The SPDR S&P 500 ETF Trust (NYSE:SPY) traded lower Friday after the Labor Department reported strong U.S. jobs market numbers from September.
The U.S. added 263,000 jobs in September, beating average economist estimates of 250,000 jobs. The unemployment rate fell 0.2% to 3.5%, below consensus estimates of 3.7%. Wages were up 5% year-over-year and increased 0.3% from August.
Economy Cooling, But Still Strong: Mark Putrino, chief market technician and lead educator at Benzinga.com, said a strong economy is bad for stock prices for now.
"The unexpected economic strength is a signal that inflation is probably still moving higher," Putrino said.
Russell Evans, chief investment officer for Avitas Wealth Management, said slowing job growth may be an early indicator that inflation levels are headed lower.
"One month of slowing job growth is likely not enough for the Fed to make any drastic changes to its policy and we would need to see several months of a weakening employment picture in order for the Fed to act," Evans said.
Bryce Doty Sr. VP/senior portfolio manager at Sit Investment, said the strong jobs report would normally be wonderful news for the Fed, but the central bank is hoping unemployment rates will rise somewhat and alleviate inflationary pressures.
"So full steam ahead on rate increases, which investors know is a mistake," Doty said.
Related Link: Are Declining American Job Openings A Good Sign? Why This Analyst Thinks So
Bad News For Markets: Cliff Hodge, chief investment officer at Cornerstone Wealth, said the report keeps the Fed's monetary policy tightening trajectory on track.
"We are going to remain in the environment where good news for the economy is bad news for markets," Hodge said.
Peter Essele, head of portfolio management at Commonwealth Financial Network, said financial market volatility will continue until Wall Street gets a clear indication inflation is under control.
"Until then, price fluctuation will be the norm and investors should look to strategies that can take advantage of periods of volatility," Essele said.
Jan Szilagyi, CEO and co-founder of Toggle, said the economy no longer appears to be overheating.
"A slightly lower growth in wage growth — combined with lower job openings two days ago — suggests [the] labor market is moderating even as it remains strong," Szilagyi said.
Recession Coming?
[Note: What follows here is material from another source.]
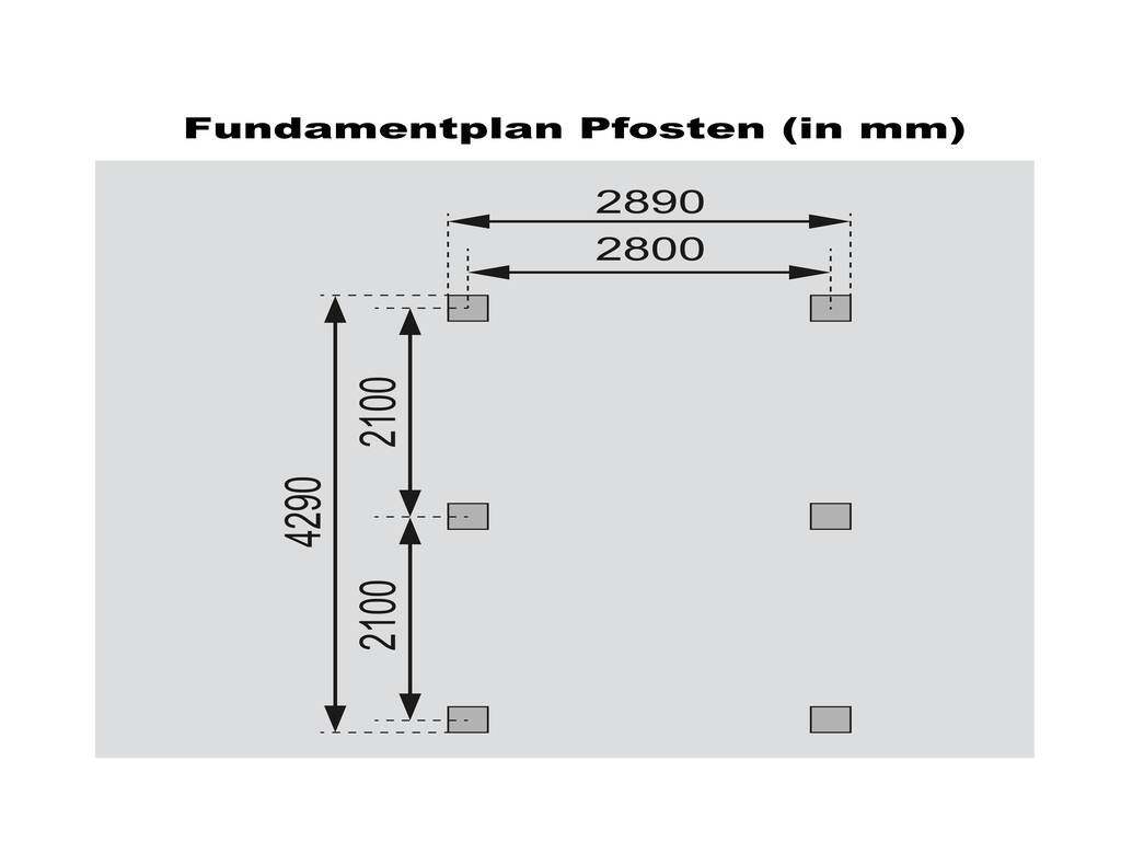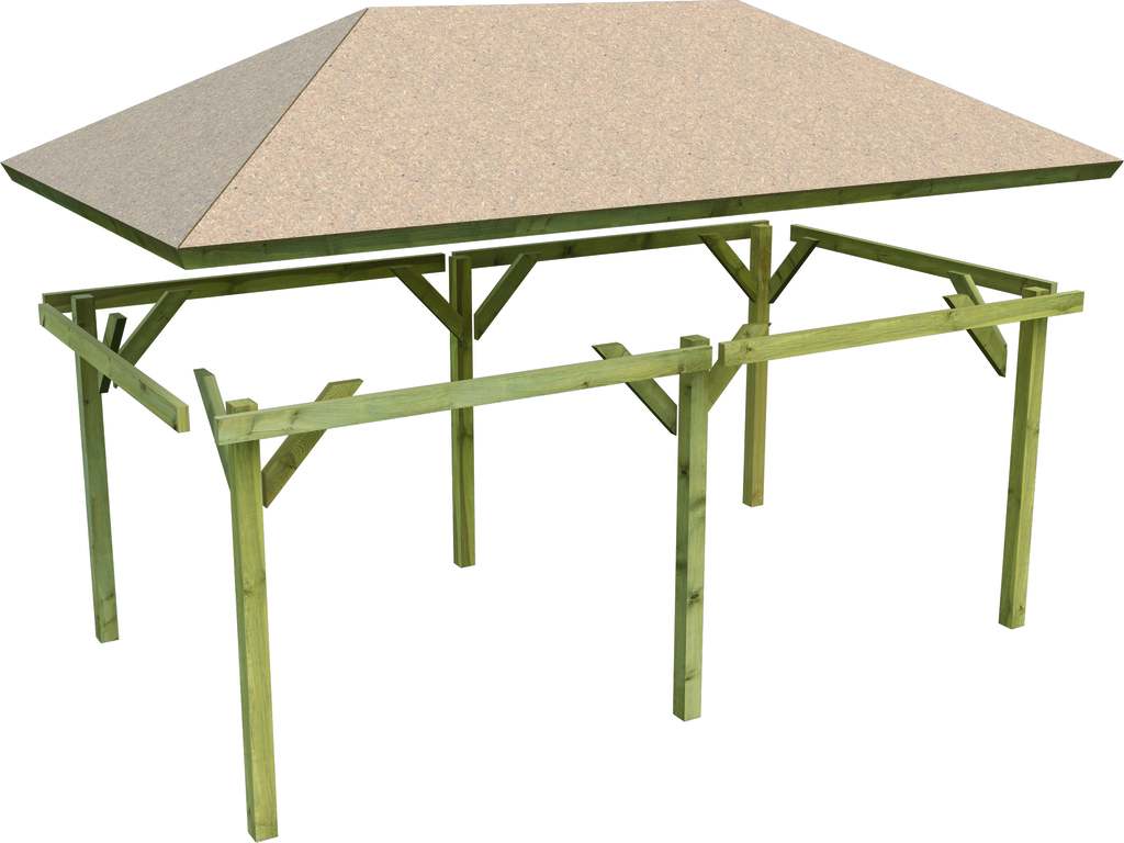 B x D x H: 289 x 429 x 296 cm, druk geïmpregneerd, 9 x 9 cm massief houten palen, dakstaander: 345 x 485 cm, paalanker

Chris Zaccarelli, chief investment officer at Independent Advisor Alliance, said predictions of a mild recession may be underestimating the threat.
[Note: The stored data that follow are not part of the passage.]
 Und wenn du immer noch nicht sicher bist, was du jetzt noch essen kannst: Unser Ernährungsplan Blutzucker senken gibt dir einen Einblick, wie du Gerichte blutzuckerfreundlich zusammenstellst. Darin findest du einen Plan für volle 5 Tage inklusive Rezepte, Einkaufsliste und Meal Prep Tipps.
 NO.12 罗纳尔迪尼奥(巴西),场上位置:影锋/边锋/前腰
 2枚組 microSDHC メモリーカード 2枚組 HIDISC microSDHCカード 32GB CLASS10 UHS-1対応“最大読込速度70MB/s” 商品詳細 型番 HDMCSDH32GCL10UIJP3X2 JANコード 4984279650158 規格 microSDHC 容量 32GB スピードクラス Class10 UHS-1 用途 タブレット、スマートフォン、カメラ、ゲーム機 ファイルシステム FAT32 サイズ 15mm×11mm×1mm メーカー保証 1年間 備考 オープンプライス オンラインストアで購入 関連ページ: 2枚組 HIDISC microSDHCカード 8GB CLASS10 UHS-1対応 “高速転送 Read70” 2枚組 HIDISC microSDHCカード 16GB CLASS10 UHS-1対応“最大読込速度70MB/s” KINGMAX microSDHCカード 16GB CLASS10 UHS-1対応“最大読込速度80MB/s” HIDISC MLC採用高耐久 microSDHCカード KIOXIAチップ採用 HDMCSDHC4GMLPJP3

"Given the conditions that we are operating under, we believe it’s prudent to begin preparing for a recession and the talk of a shallow recession that is now the narrative-du-jour, strikes us as eerily similar to the 'inflation is transitory' narrative of last year."
Quincy Krosby, chief global strategist at LPL Financial, said slowing jobs and wage growth are signs the Fed's aggressive campaign against inflation is starting to have an impact.
"Still, the market's initial negative reaction underscores that inflationary pressures are not decreasing fast enough for the market to be convinced that the Fed is closer to the end of its tightening cycle," Krosby said.